On 7/12/22 11:38 AM, Greg Kroah-Hartman wrote:
> This is the start of the stable review cycle for the 5.15.55 release.
> There are 78 patches in this series, all will be posted as a response
> to this one. If anyone has any issues with these being applied, please
> let me know.
>
> Responses should be made by Thu, 14 Jul 2022 18:32:19 +0000.
> Anything received after that time might be too late.
>
> The whole patch series can be found in one patch at:
> https://www.kernel.org/pub/linux/kernel/v5.x/stable-review/patch-5.15.55-rc1.gz
> or in the git tree and branch at:
> git://git.kernel.org/pub/scm/linux/kernel/git/stable/linux-stable-rc.git linux-5.15.y
> and the diffstat can be found below.
>
> thanks,
>
> greg k-h

Built and booted successfully on RISC-V RV64 (HiFive Unmatched).

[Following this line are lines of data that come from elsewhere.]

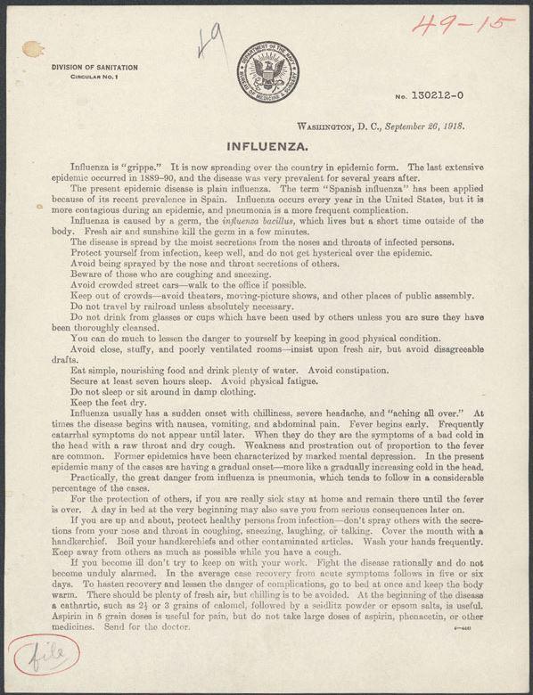 Public document issued by Washington D.C. on September 26, 1918, in response to the Spanish flu.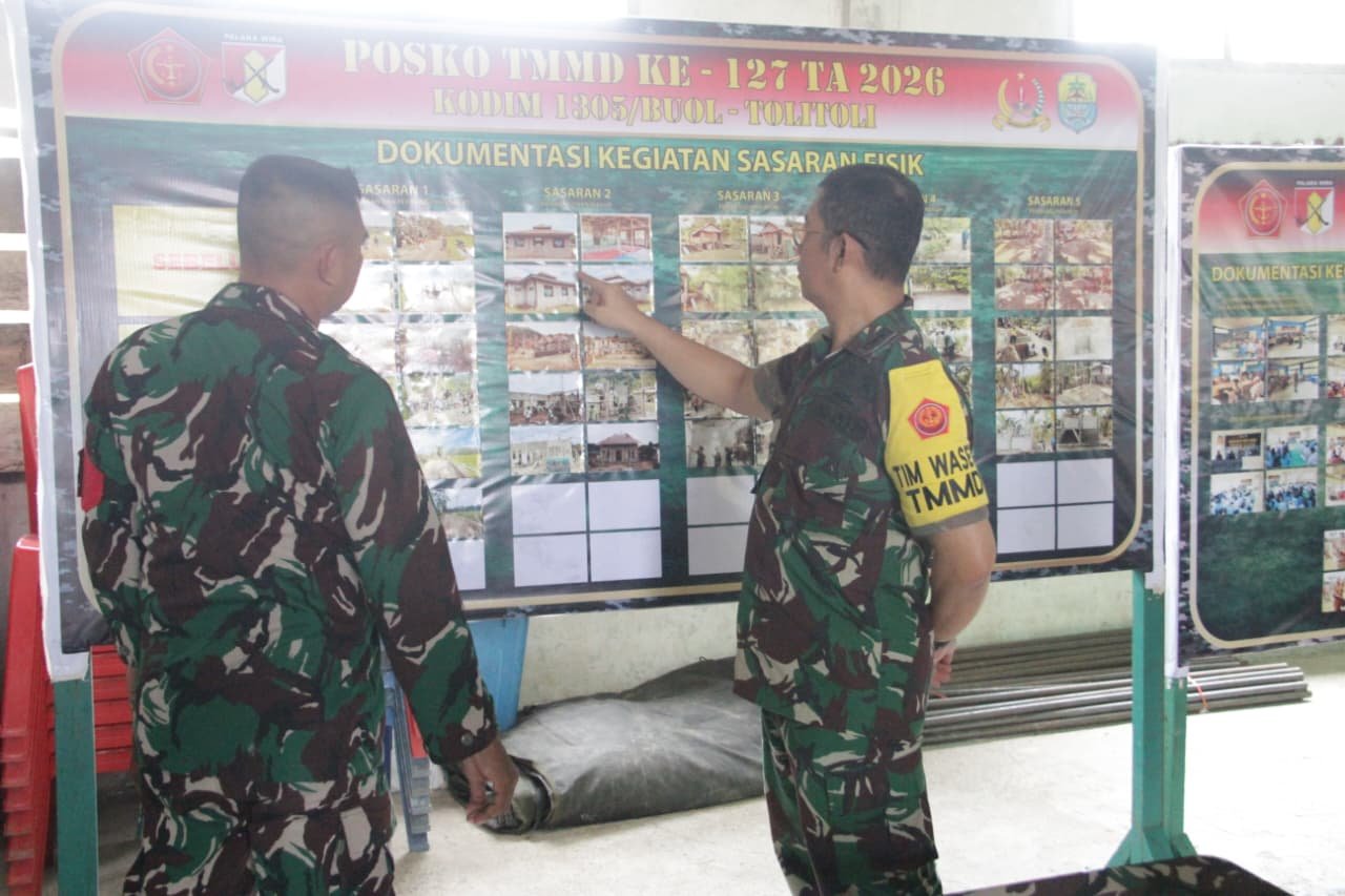Tolitoli – Ketua Tim Wasev TMMD ke-127, Hadi Purwosubroto, melakukan pengecekan langsung terhadap kesiapan Posko TMMD di Desa Oyom, Kecamatan Lampasio, Kabupaten Tolitoli, Rabu (4/3/2026). Peninjauan ...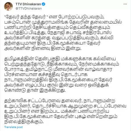 பி.கே.மூக்கையா தேவரின் புகழ் என்றென்றும் நிலைத்திருக்கும் என்று தினகரன் தெரிவித்துள்ளார்.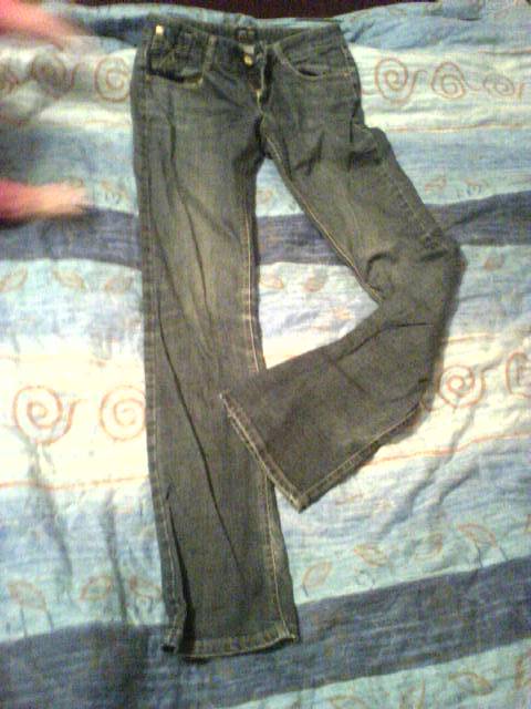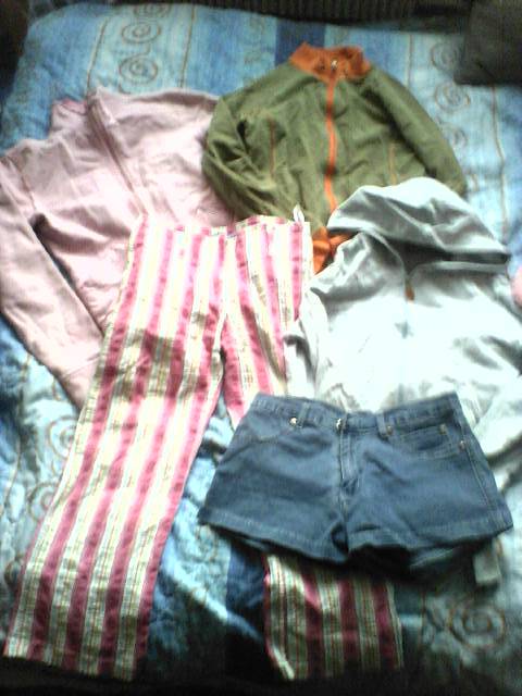 Джинсы светло голубые расклешенные 42 размер; блузка 3/4 рукав(немного желтых пятен есть на воротнике, возможно отстирается). Штаны спортивные с поясом, кофты из "твоё", бриждиполосатые, шортики джинсовые, теплые кофты(50 и 100% шерсть). Жилетка ярко зеленая.

Tested-by: Ron Economos <[email protected]>

2022-07-13 18:44:38

by Linus Torvalds

[permalink] [raw]
Subject: Re: [PATCH 5.15 00/78] 5.15.55-rc1 review

On Wed, Jul 13, 2022 at 11:33 AM Linus Torvalds
<[email protected]> wrote:
>
> So I think that that is where the "xaddw_ax_dx+8" comes from: some
> code assumes that FASTOP_SIZE is 8, but that xaddw_ax_dx case was
> actually 9 bytes and thus got that "int3 + padding" in the next 8
> bytes.
>
> The whole kvm x86 emulation thing is quite complicated and has lots
> of instruction size #defines and magic.
>
> I'm not familiar enough with it to go "Ahh, it's obviously XYZ", but
> I'm sure PeterZ and Borislav know exactly what's going on.

And I see that Thadeau already figured it out:

https://lore.kernel.org/all/[email protected]/

So presumably we need that patch everywhere.

Linus

2022-07-13 19:11:39

by Linus Torvalds

[permalink] [raw]
Subject: Re: [PATCH 5.15 00/78] 5.15.55-rc1 review

On Wed, Jul 13, 2022 at 6:34 AM Guenter Roeck <[email protected]> wrote:
>
> Looking into the log, I don't think that message is related to the crash.
>
> ...
> [ 105.653777] Modules linked in: x86_pkg_temp_thermal
> [ 105.902123] ---[ end trace cec99cae36bcbfd7 ]---
> [ 105.902124] RIP: 0010:xaddw_ax_dx+0x9/0x10 <--- crash
> [ 105.902126] Code: 00 0f bb d0 c3 cc cc cc cc 48 0f bb d0 c3 cc cc

Yeah, the code you snipped, shows

20: 66 0f c1 d0 xadd %dx,%ax
24: c3 ret
25: cc int3
26: cc int3
27: cc int3
28: cc int3
29:* 0f 1f 80 00 00 00 00 nopl 0x0(%rax) <-- trapping instruction
30: 0f c1 d0 xadd %edx,%eax
33: c3 ret
34: cc int3
35: cc int3
36: cc int3
37: cc int3
38: 48 0f c1 d0 xadd %rdx,%rax
3c: c3 ret
3d: cc int3

and that's a bit odd.

It says "xaddw_ax_dx+0x9/0x10", but I think somebody jumped to
"xaddw_ax_dx+8", hit the 'int3', and the RIP points to the next
instruction (because that's how int3 works).

And the fastop code says:

* fastop functions have a special calling convention:
...
* Moreover, they are all exactly FASTOP_SIZE bytes long,

but that is clearly *NOT* the case for xaddw_ax_dx, because it's 16
bytes in size, and the other ones are 8 bytes. That's where the "nopl"
comes from: it's the alignment instruction to the next fastop
function.

Compare that to the word-sized 'xaddl' case rigth afterwards: that one
*is* just 8 bytes in size, so the 64-byte 'xaddq' comes 8 bytes aftrer
it, and there's no 7-byte padding nop-instruction.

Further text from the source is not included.